PROBLEM DETAILS. Pictures in the listing below are skipped, while the lines from the "(Mr Darrel). |" line through the "Accounting Entry) 选项。" line are returned word for word.

INFORMATION PROVIDED.
*****

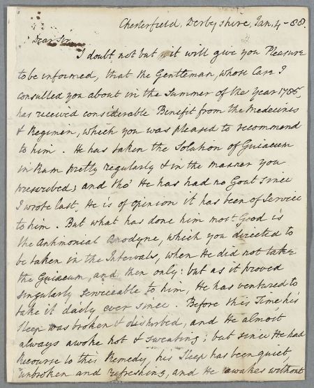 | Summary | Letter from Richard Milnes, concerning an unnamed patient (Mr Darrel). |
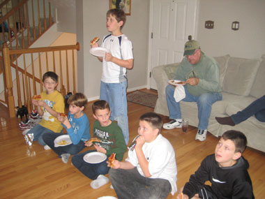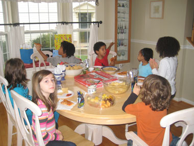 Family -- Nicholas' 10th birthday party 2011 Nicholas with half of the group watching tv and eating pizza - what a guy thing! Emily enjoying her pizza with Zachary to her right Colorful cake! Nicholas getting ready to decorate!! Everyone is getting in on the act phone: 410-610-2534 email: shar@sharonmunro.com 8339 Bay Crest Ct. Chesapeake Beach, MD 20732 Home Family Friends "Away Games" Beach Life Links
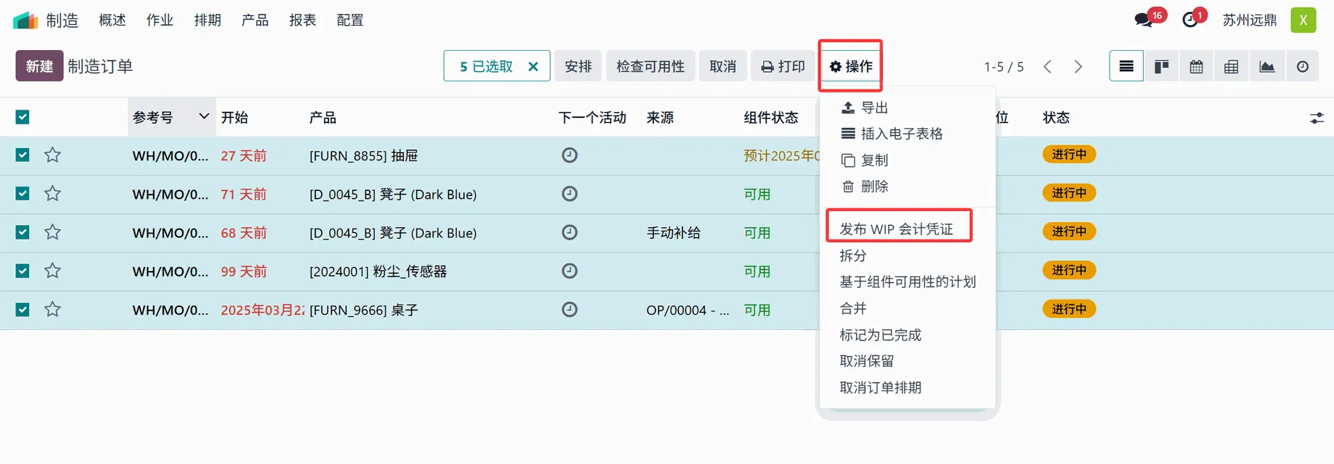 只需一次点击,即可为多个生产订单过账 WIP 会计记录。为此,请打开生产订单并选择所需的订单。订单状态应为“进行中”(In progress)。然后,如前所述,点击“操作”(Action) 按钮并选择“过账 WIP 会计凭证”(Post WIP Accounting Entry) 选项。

*****

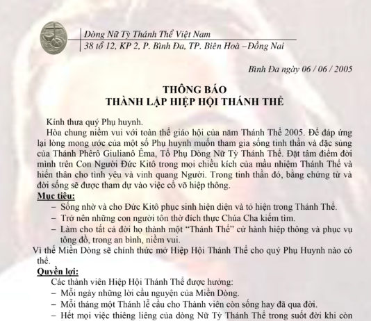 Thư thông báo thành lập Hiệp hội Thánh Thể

*****

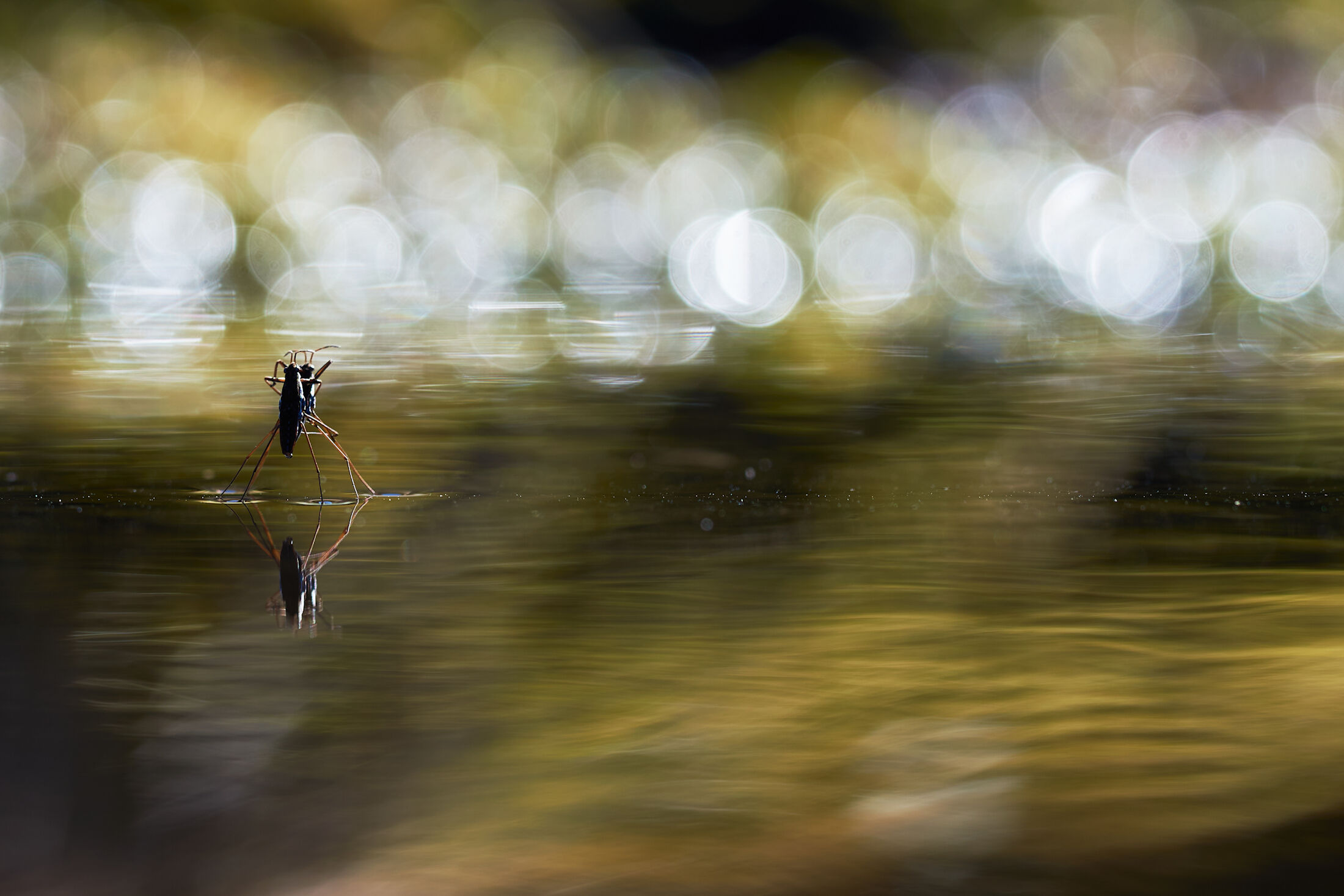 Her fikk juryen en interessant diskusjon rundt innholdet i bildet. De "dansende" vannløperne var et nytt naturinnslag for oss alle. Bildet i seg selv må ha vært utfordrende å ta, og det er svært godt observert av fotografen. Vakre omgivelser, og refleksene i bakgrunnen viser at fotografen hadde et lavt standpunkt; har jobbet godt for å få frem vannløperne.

*****

RESULT FOR THIS EXERCISE.
 | Summary | Letter from Richard Milnes, concerning an unnamed patient (Mr Darrel). |
 Family -- Nicholas' 10th birthday party 2011 Nicholas with half of the group watching tv and eating pizza - what a guy thing! Emily enjoying her pizza with Zachary to her right Colorful cake! Nicholas getting ready to decorate!! Everyone is getting in on the act phone: 410-610-2534 email: shar@sharonmunro.com 8339 Bay Crest Ct. Chesapeake Beach, MD 20732 Home Family Friends "Away Games" Beach Life Links
 只需一次点击,即可为多个生产订单过账 WIP 会计记录。为此,请打开生产订单并选择所需的订单。订单状态应为“进行中”(In progress)。然后,如前所述,点击“操作”(Action) 按钮并选择“过账 WIP 会计凭证”(Post WIP Accounting Entry) 选项。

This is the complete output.